Which Contributes to Better Metabolism: 3 Large Meals or 6 Smaller Meals?

Aug 25, 2011

Submitted by Stuart Yeatts, General Manager, O2 Fitness Express

How many meals should one eat through out the day to achieve maximum weight loss and overall health benefits?  3 large meals or 5-6 smaller meals?  One of the most important keys to building muscle, losing body fat, and feeling energetic throughout the day is controlling your metabolism.  Metabolism is the chemical process that the nutrients in your food go through once eaten.  Eating smaller, more frequent meals is a sound nutritional strategy that can help you achieve your weight loss goals while increasing your metabolic rate.

Consuming five-six meals every three hours or so evenly throughout the day is much more efficient than eating only two meals equaling the same amount.  But what if I am not hungry every three hours?  We still need to eat.  When we do not consistently feed our bodies, our bodies go into “panic” mode meaning it will hold on to stored body fat.  This makes it harder for you to drop those unwanted pounds and tone and firm those trouble areas.  So if we feed our bodies on a regular basis then there is no need for it to hold on to the body fat it reserved from “panic” mode.

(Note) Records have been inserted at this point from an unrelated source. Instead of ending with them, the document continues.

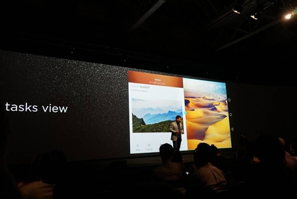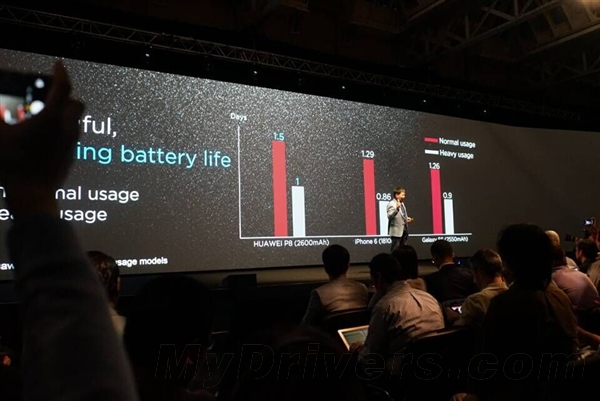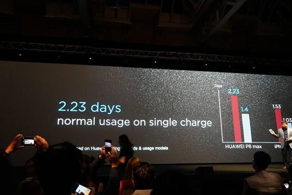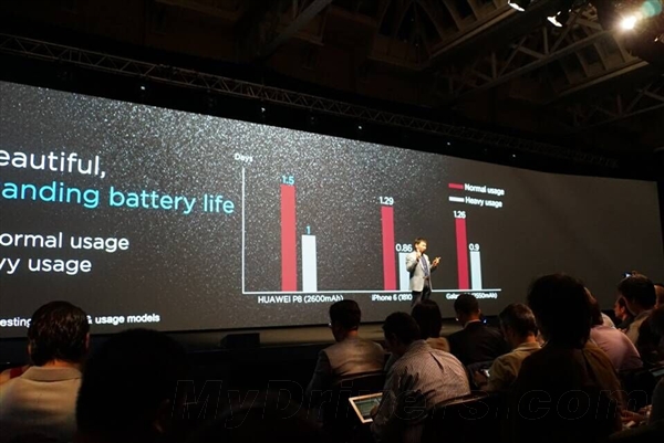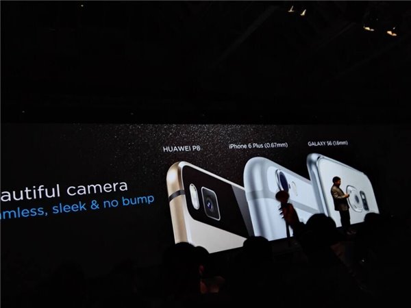 [2015/4/15下午9:44:35] 现场播放宣传片,据称P8采用前置800万像素摄像头,支持全景自拍,机身厚度只有6.18mm。并且该机具有超级省电功能,电量剩余10%还能坚持3小时。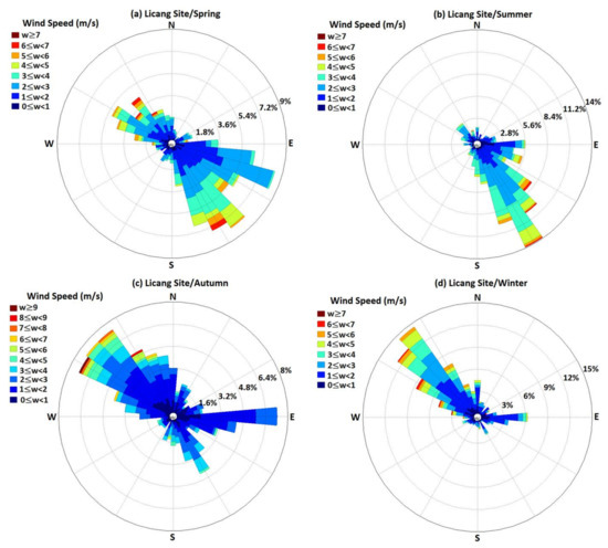 The dominant air pollutants also presented significant spatial heterogeneity at the four sites. PM10 concentration was higher and the number of days of PM10 dominance was larger at the Licang site than at the other three sites throughout the year, especially in spring and summer (Figure 5 and Figure 6). This was because there was some industrial dust and construction dust [19,27], as well as more wind at the Licang site in spring and summer (Figure 1) [42]. The Licang site is located in the northern foothills of Laoshan Mountain, and the dust transport from the north is also another important reason for this difference. The other three sites are closer to beaches (Figure 1), and the eastern or southern coastal winds are strong, which are a predominant reason for lower PM10 concentration there. PM10 was one of the major pollutants affecting air quality in China in every season [31,33]. PM10 pollution was mainly attributed to coal combustion and biomass burning in autumn and winter, photochemical reactions in summer, and crustal matter in spring in Xi’an China [70]. The PM10 concentration was larger in urban areas than in suburban areas in Fuzhou, and the discrepancy was significant between them [71].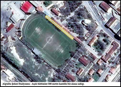 On dokuz dönümlük bir alan... Yaklaşık 20 dönüm diyelim. Dörtyüz metrekarelik kapalı bir türbine sahip. Uzunluğu 32 metre ve genişliği 11 metre... Yüksek türbinlere merdivenlerle çıkıyorsunuz. Altında futbolcuların soyunma odaları, banyo ve tuvaletler var. Ve karşı tarafta açık türbinler... Orası 500 metre karelik bir alana sahip, betondan yapılmış.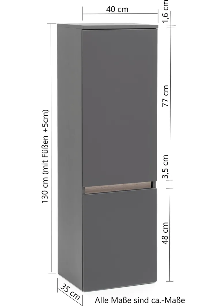Im Bad-Midischrank BRÜGGE in den attraktiven Farben Mattgrau (Front) und Graphit (Korpus) finden sämtliche Habseligkeiten Platz, die im Badezimmer benötigt werden. Das Push-to-Open-System ermöglicht einen schnellen Zugriff. Sicher auf vier Möbelfüßen stehend, bietet der Schrank mit einer Breite von 40 cm, einer Höhe von 130 cm und einer Tiefe von 30 cm ausreichend Stauraum. Die beiden Türen sind beidseitig montierbar und erlauben Flexibilität beim Aufbau. Die folierte Holznachbildung fügt sich stimmig in moderne oder klassisch gestaltete Bäder ein.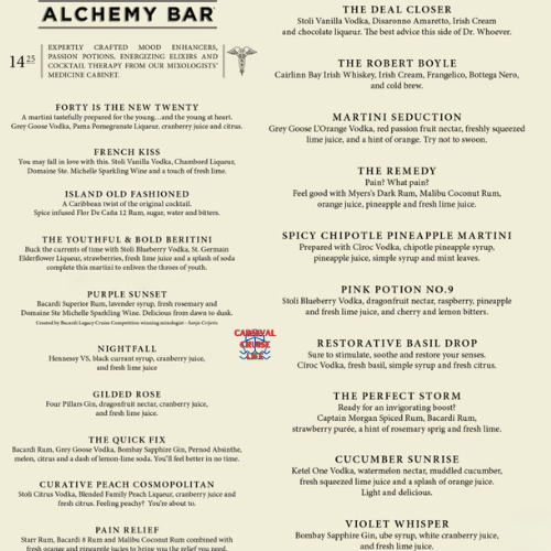 The Alchemy Bar is one of the most popular cocktail spots onboard β arrive early or with a Cheers drink package to skip lines.

Now no one is suggesting that you should force down six full course meals in a day.  Common sense dictates that eating more often allows you to eat smaller meals; on the whole, your caloric consumption will have increased dramatically, but each meal will be small enough to simply satisfy, not stuff.  For most people six meals a day is more practical when you consider prep time, work schedules, food costs and simple eating time.

In the end, increasing the number of meals you consume in a day will allow to  manipulate the efficiency of your metabolism; it will give you more energy, allow you to concentrate better and give you more stamina for life. What it will also do, and this is important to the bodybuilder, is allow your body to run on complex carbohydrates, which take longer to process and provide better, longer lasting energy (providing you’ve made smart choices for those meals), leaving virtually all of your protein intake for muscle repair, and in turn enhancing your ability to gain lean muscle mass.